My sons and I live in an exile of sorts. It’s called trauma. Its name is grief. Sudden loss catapulted us into a heart-ripping wilderness, a vast and unfamiliar terrain. We found ourselves transported into this emotional and physiological desert, far from our previous internal identities and the externally tangible home we once knew.

Day by day I accept God’s invitation out of this exile for myself and for my sons. We travel home together along a path toward healing, joy, and peace. Our map however, like any human trauma course, shows a lengthy journey with many forced stops along the way. Yet countless people pray for us, feed us, teach us how to survive panic attacks, and heal our minds’ need to flash back to the first moments of our banishment. These many loving acts are like shouts along the race route of our marathon. Cheers for each milestone we conquer. Songs of support when we want to give up. Sounds which lead us, through others’ innate human joy and accumulated peace, back to our own. All raised up for us by a multitude of modern prophets repeating God’s invitation whether they themselves believe in God or not.

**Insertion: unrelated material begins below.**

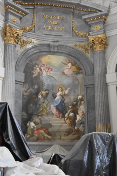 Ennek megfelelően a restaurátorok lemosták, illetve megtisztították az 1944-ben készült falfestést, és helyreállítják az eredeti, 18. századi rozettás díszítő falfestést. A szentélyben is megtörtént az eredeti díszítő architektúrafestés visszaállítása, az 1944–47 között készült Kontuly Béla-kép elfedésével. A freskó még Pétery József püspök kérésére készült el, aki 1942-től volt az egyházmegye főpásztora. Többek között egy 19. századi földrengés következtében akkor a belső tér megújítására mindenképp szükség volt.

This Thanksgiving I give quiet thanks for all our figurative mountains, hills, and trees. They have surrounded us in our unasked for expedition these last fifteen months.  We call our varied and beautiful landscape not mountain, hill, or tree but family, friend, pastor, therapist, teacher, classmate, school, doctor, stranger, faith community, colleague, and neighbor. Their collective energy to me now is as glorious a view as the sight of any majestic mountain bursting into song.